In [1]:
#import/install all packages at the top

import pandas as pd
import spacy
nlp = spacy.load("en_core_web_sm")
import numpy as np
import seaborn as sns
import matplotlib.pyplot as plt
import nltk 
from collections import Counter
from spacy.lang.en.stop_words import STOP_WORDS
import string

In [2]:
#import and read file in df with pandas (for better visualisation)

filename= "/Users/laure/OneDrive/Dokumente/VU/Python for Text Analysis/Final Assignment/irony-labeled.csv"

gold_label = pd.read_csv(filename)

In [3]:
#rename the columns
gold_label.columns = ["Comment_Text", "Label"]

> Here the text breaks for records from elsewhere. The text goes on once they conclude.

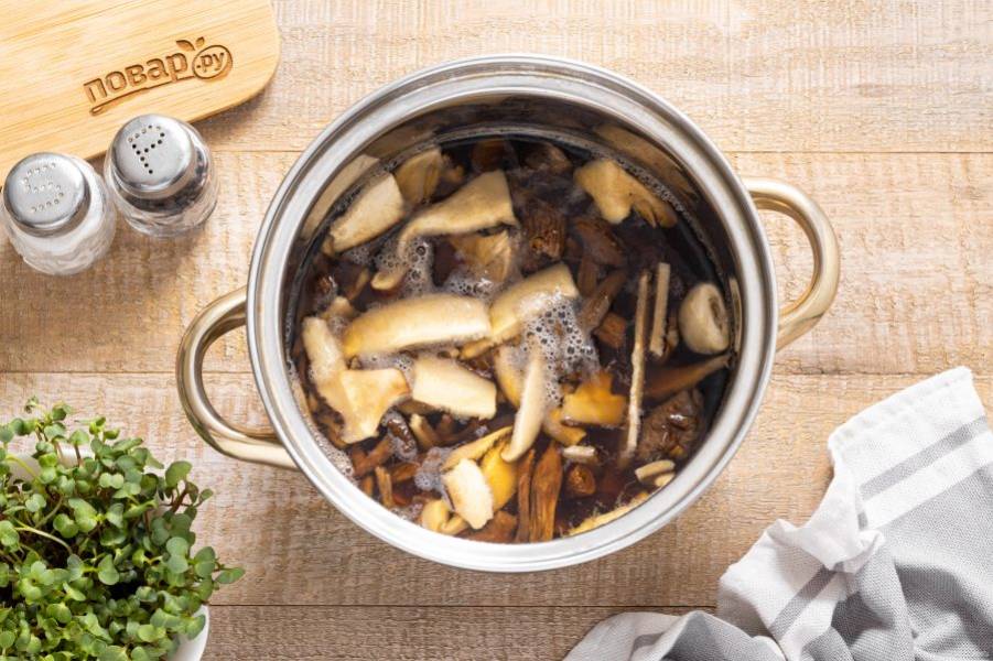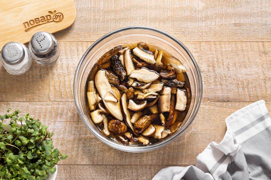 Сушеные грибы замочите в холодной воде на 2 часа.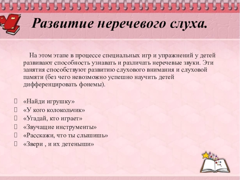процессе специальных игр и упражнений у детей развивают способность узнавать и различать неречевые звуки. Эти занятия способствуют развитию слухового внимания и слуховой памяти (без чего невозможно успешно научить детей дифференцировать фонемы).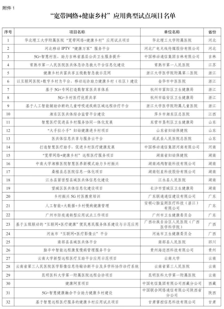 1.“宽带网络+健康乡村”应用典型试点项目名单
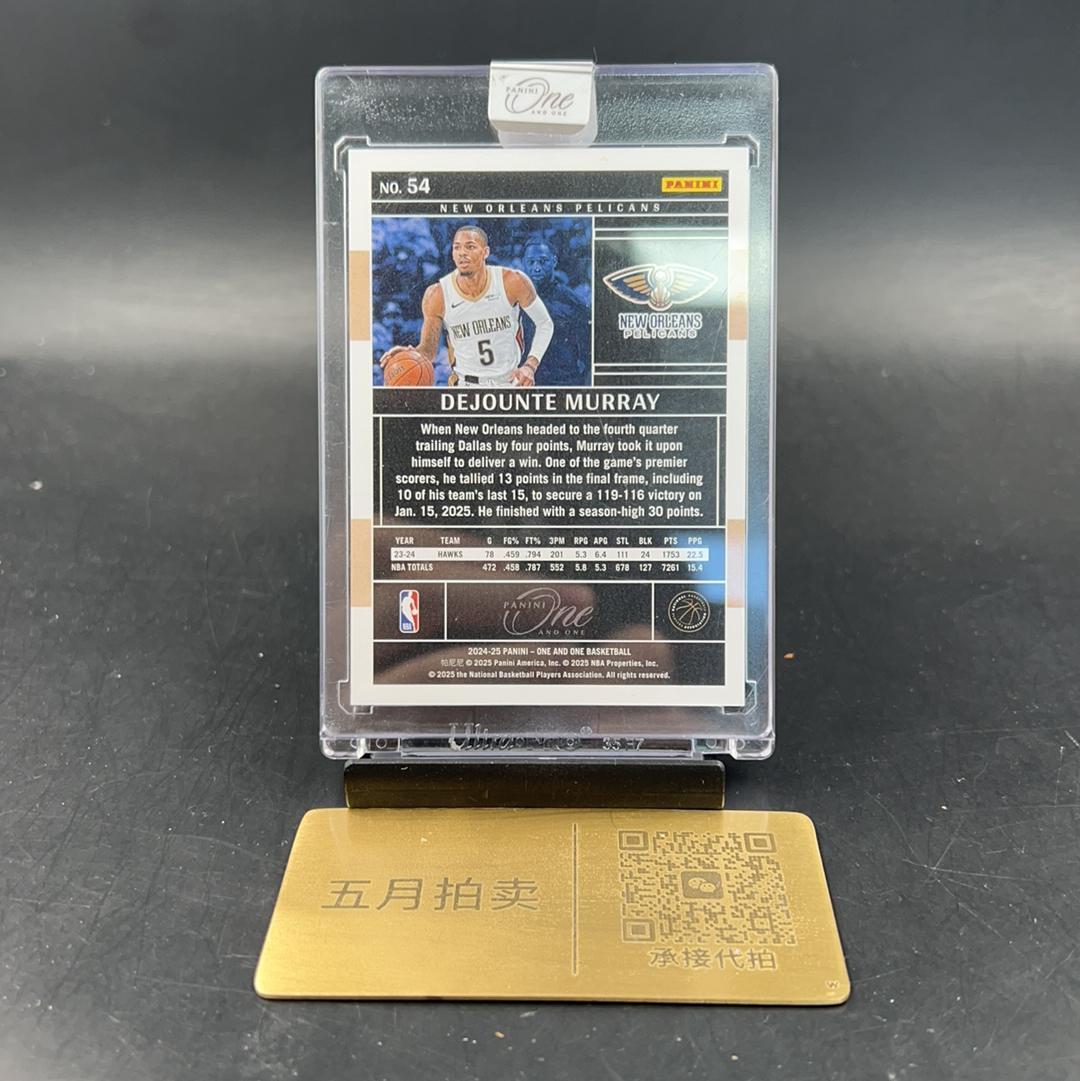 2024-25 Panini One and One Dejounte Murray 【五月拍卖 顺丰空运】德章泰 默里 穆雷 2/10编 金折 鹈鹕 老鹰 原封砖 收藏必备 卡品如图 夏哥x10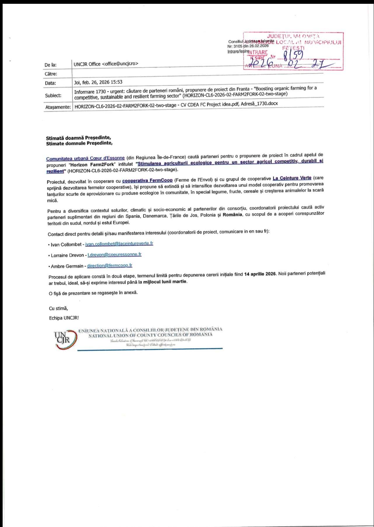 Consiliul Județean Ialomița a transmis către Primăria municipiului Fetești o informare privind căutarea de parteneri români pentru un proiect european în agricultură ecologică, care poate aduce fermierilor sprijin de dezvoltare și acces la un model cooperativ testat.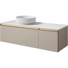 Тумба с раковиной Armadi Art Quatro Daphne 790-M2-140-D-MG + 792-140-W + 801-R-MW 141 см L, подвесная, со столешницей, бежевый матовый

# Split into Train (70), Validation (10) and Test (20) sets

-using scikit learn 'train_test_split' function twices gives the validation set

In [4]:
from sklearn.model_selection import train_test_split

In [5]:
y = gold_label["Comment_Text"]
x = gold_label["Label"]


In [6]:
#test and train sets
X_train, X_test, y_train, y_test = train_test_split(x, y, test_size=0.2, random_state=43)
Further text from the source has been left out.